Your instructions
Taking the line with "Главная страница >" as the first and the line with "2019年12月24日下午,土木工程学院" as the last, set down the lines below exactly, pictures excluded.

Records shown
====

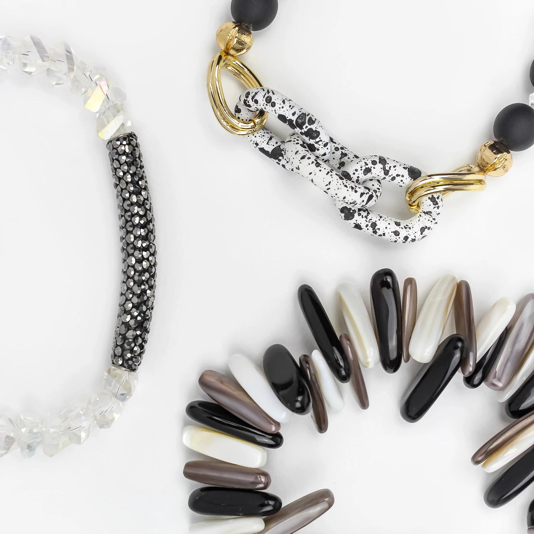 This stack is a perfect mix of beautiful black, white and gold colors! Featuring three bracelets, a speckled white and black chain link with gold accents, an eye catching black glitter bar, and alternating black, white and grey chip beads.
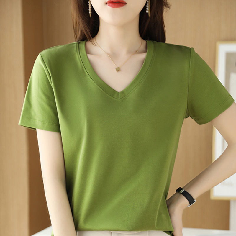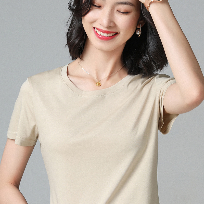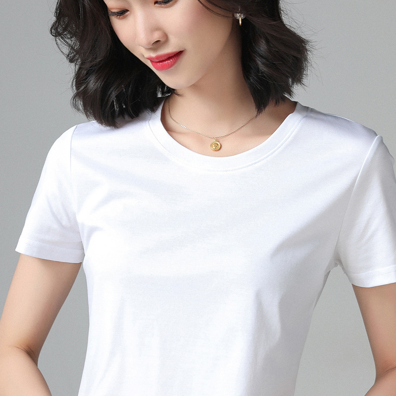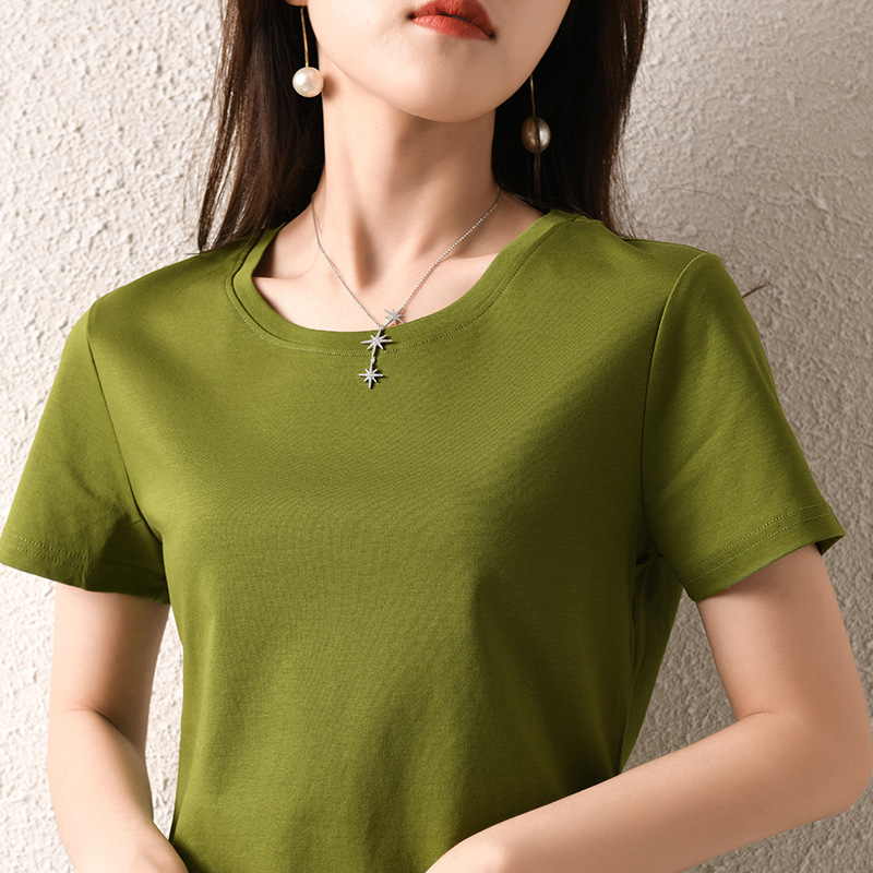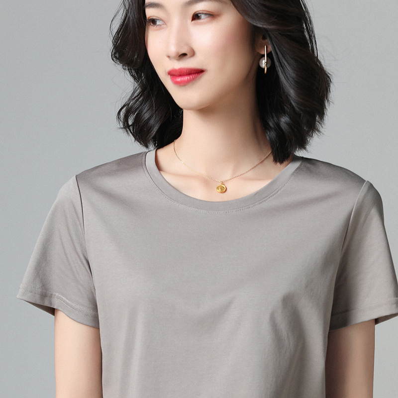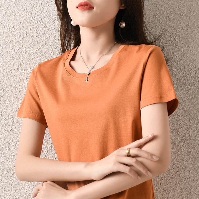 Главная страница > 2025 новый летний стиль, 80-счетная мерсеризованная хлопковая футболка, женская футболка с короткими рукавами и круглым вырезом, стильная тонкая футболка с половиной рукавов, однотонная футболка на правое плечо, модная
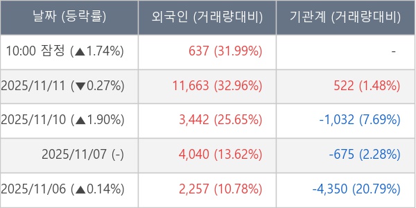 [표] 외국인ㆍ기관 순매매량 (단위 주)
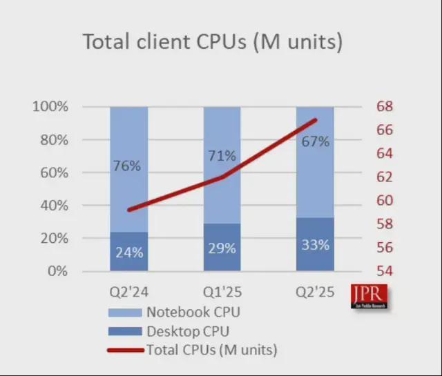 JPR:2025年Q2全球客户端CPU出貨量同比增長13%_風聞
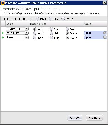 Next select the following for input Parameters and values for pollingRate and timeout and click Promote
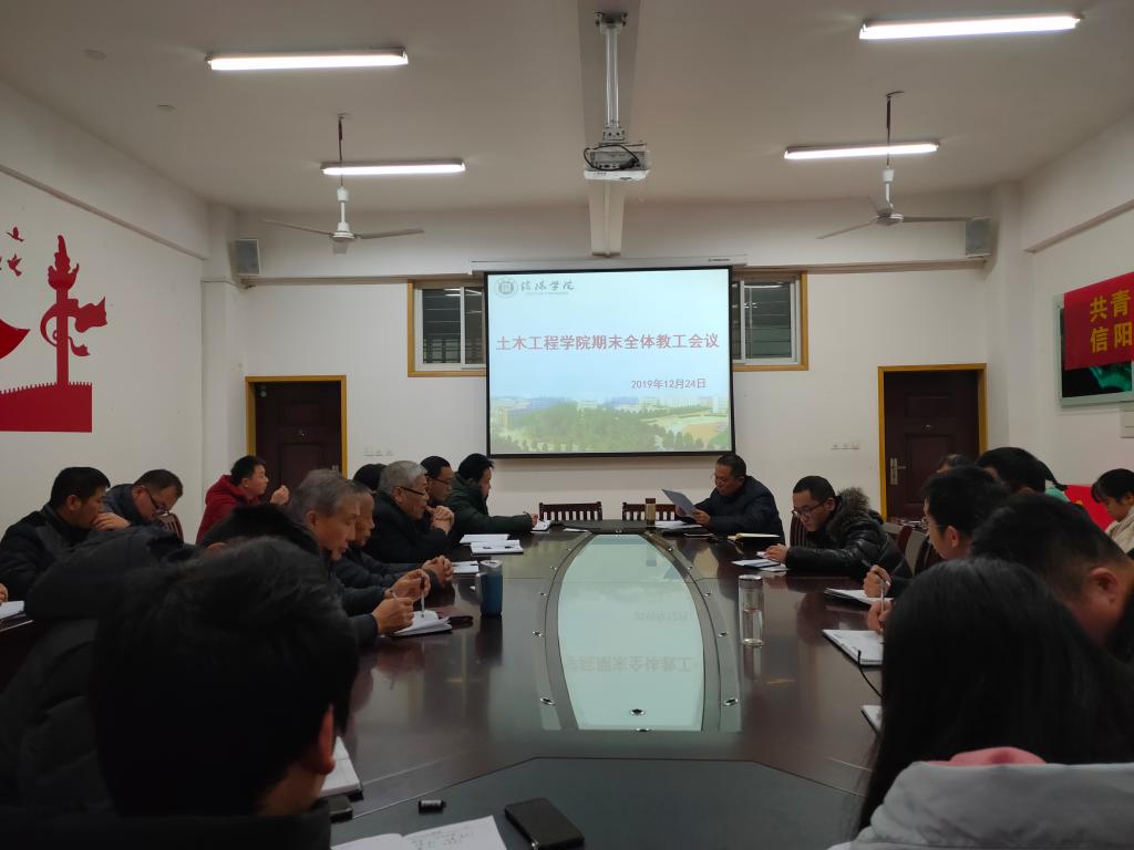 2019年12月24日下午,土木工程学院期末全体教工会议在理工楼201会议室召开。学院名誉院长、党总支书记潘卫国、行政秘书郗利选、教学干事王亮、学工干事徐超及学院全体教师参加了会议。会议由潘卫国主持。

====

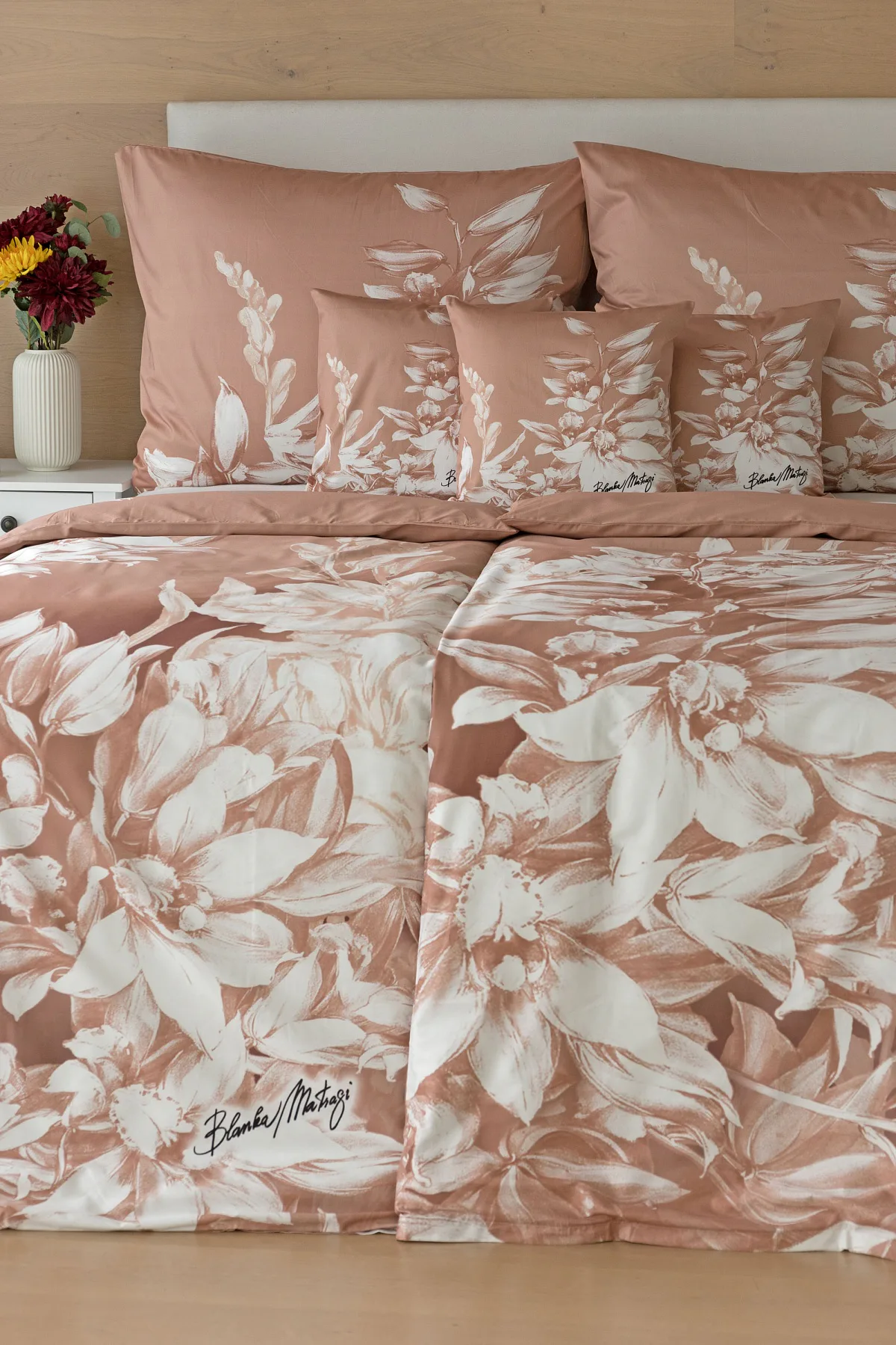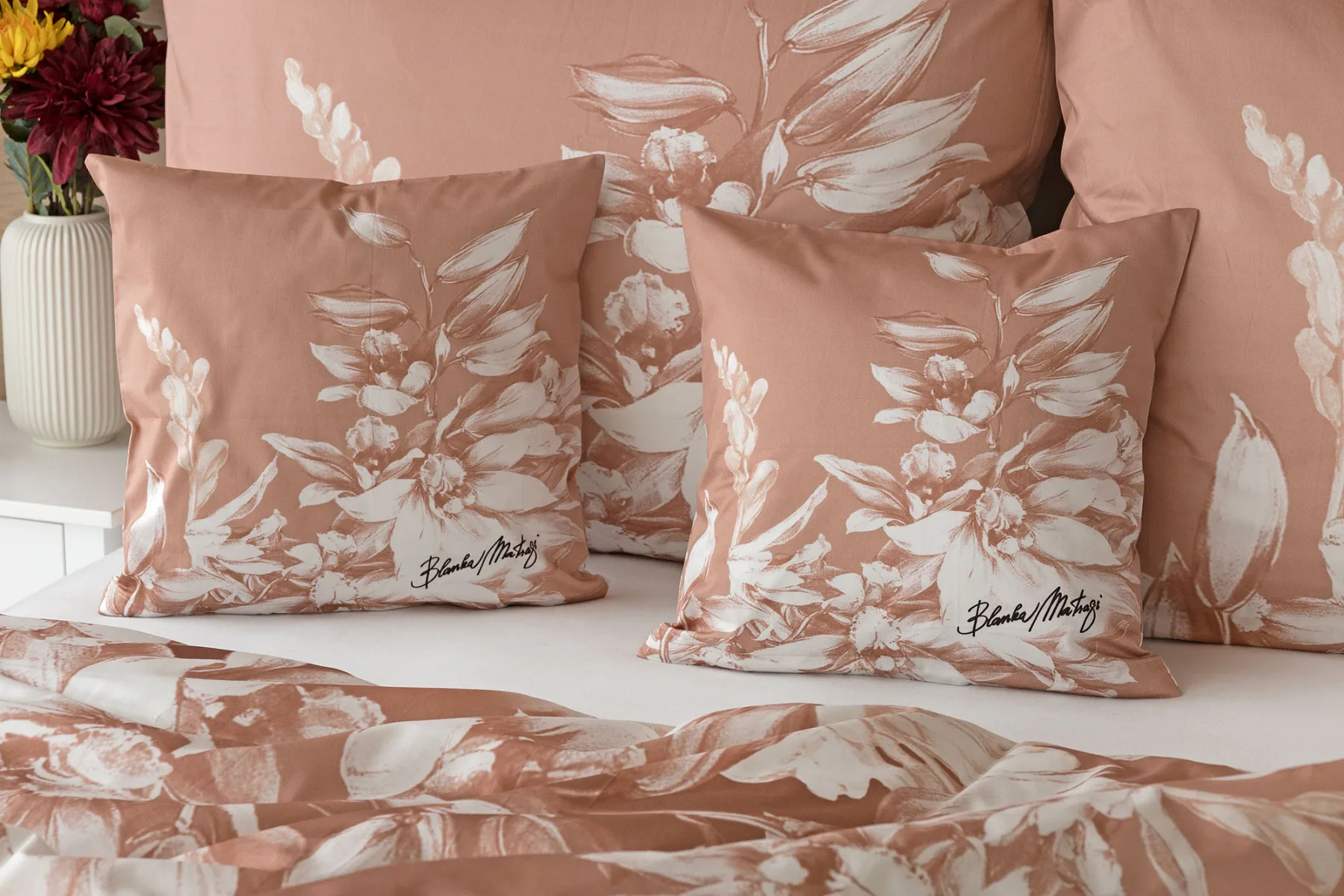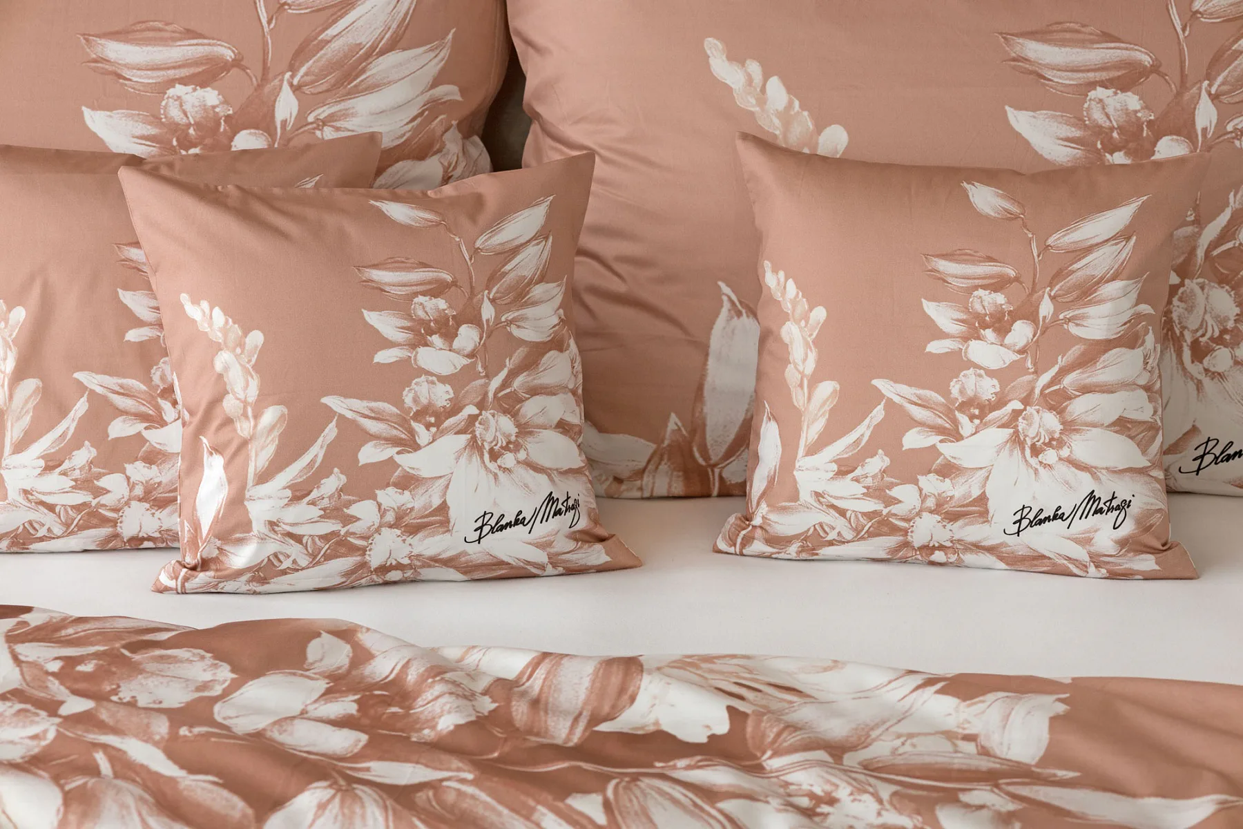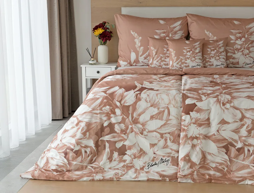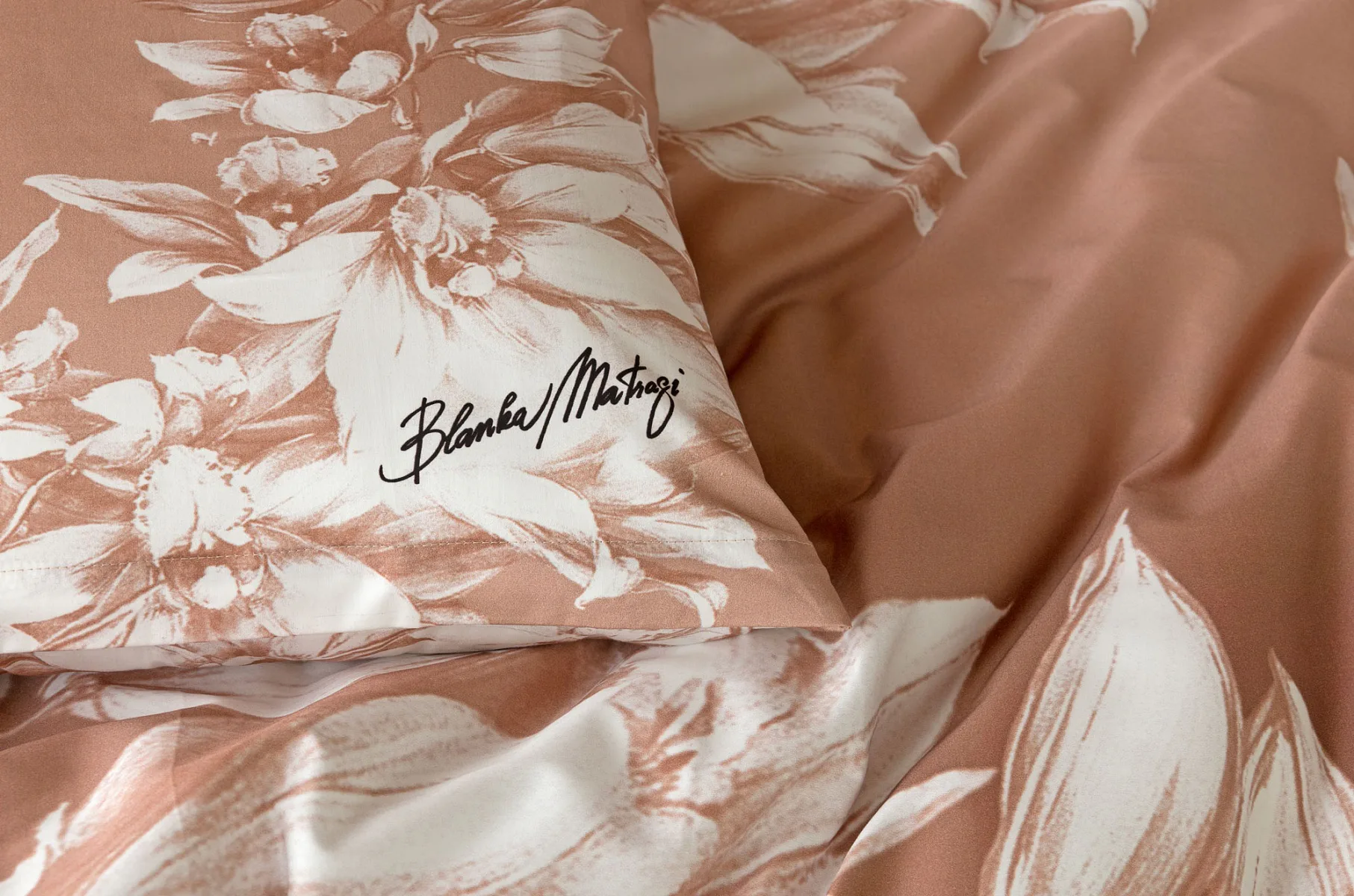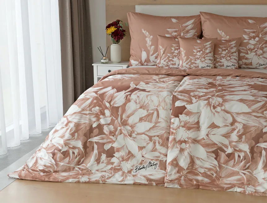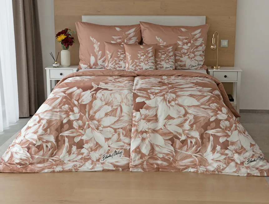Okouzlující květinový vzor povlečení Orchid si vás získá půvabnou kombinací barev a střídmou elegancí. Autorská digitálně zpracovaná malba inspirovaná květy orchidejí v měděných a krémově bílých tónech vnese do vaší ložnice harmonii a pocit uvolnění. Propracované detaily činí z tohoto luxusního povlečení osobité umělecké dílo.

====

Reply
 Главная страница > 2025 новый летний стиль, 80-счетная мерсеризованная хлопковая футболка, женская футболка с короткими рукавами и круглым вырезом, стильная тонкая футболка с половиной рукавов, однотонная футболка на правое плечо, модная
 [표] 외국인ㆍ기관 순매매량 (단위 주)
 JPR:2025年Q2全球客户端CPU出貨量同比增長13%_風聞
 Next select the following for input Parameters and values for pollingRate and timeout and click Promote
 2019年12月24日下午,土木工程学院期末全体教工会议在理工楼201会议室召开。学院名誉院长、党总支书记潘卫国、行政秘书郗利选、教学干事王亮、学工干事徐超及学院全体教师参加了会议。会议由潘卫国主持。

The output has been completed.